Вечером его пригласили на жженку офицеры. Очень молодые, очень славные и слегка раздражающие. Они наперебой восхищались каким-то поручиком, который галантно предложил французам атаковать первыми. «Молодец, Костя! Пусть знают, что мы не варвары, не северные медведи, а благовоспитанные люди!». «Кому это надо? - думал Голицын. - Неужели сейчас, когда Севастополю так плохо, важно блеснуть светскостью перед французскими паршивцами, которые спустя сорок лет опять к нам приперли?

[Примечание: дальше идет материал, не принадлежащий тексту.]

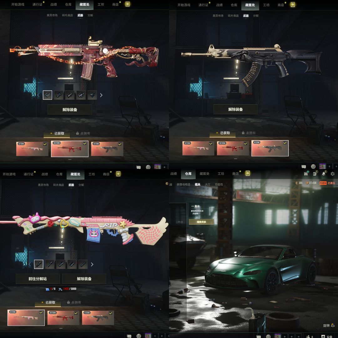 5段1000皮⑩级朱雀M416⑥粉梦德拉贡④恶魔ACE⚛️3色阿斯顿马丁跑车小丑女

Да пропади они пропадом!..»
- Дети, - вполголоса произнес стоявший рядом артиллерийский офицер с некрасивым скуластым лицом, пытливыми, недобрыми глазами; у него были черные жесткие усы, а молодая борода росла кустиками, клочьями. Небольшой, плоскогрудый, с костлявыми плечами, он притягивал выражением независимости и жесткой прямоты. Было ему не больше двадцати пяти, но Голицын хребтом почувствовал, что скуластый офицер куда старше его, и безропотно принял старшинство.
- Но храбрые дети! - полувозразил он осторожно.
- Храбрее некуда! - сумрачно подтвердил артиллерист. - Немногие вернутся домой. Жаль! Конечно, нарожают других, но этих - жаль. Храбрость безмерная, тщеславие, благородство - все, что нужно для гибели. А спросите у них, из-за чего война, ни один не скажет.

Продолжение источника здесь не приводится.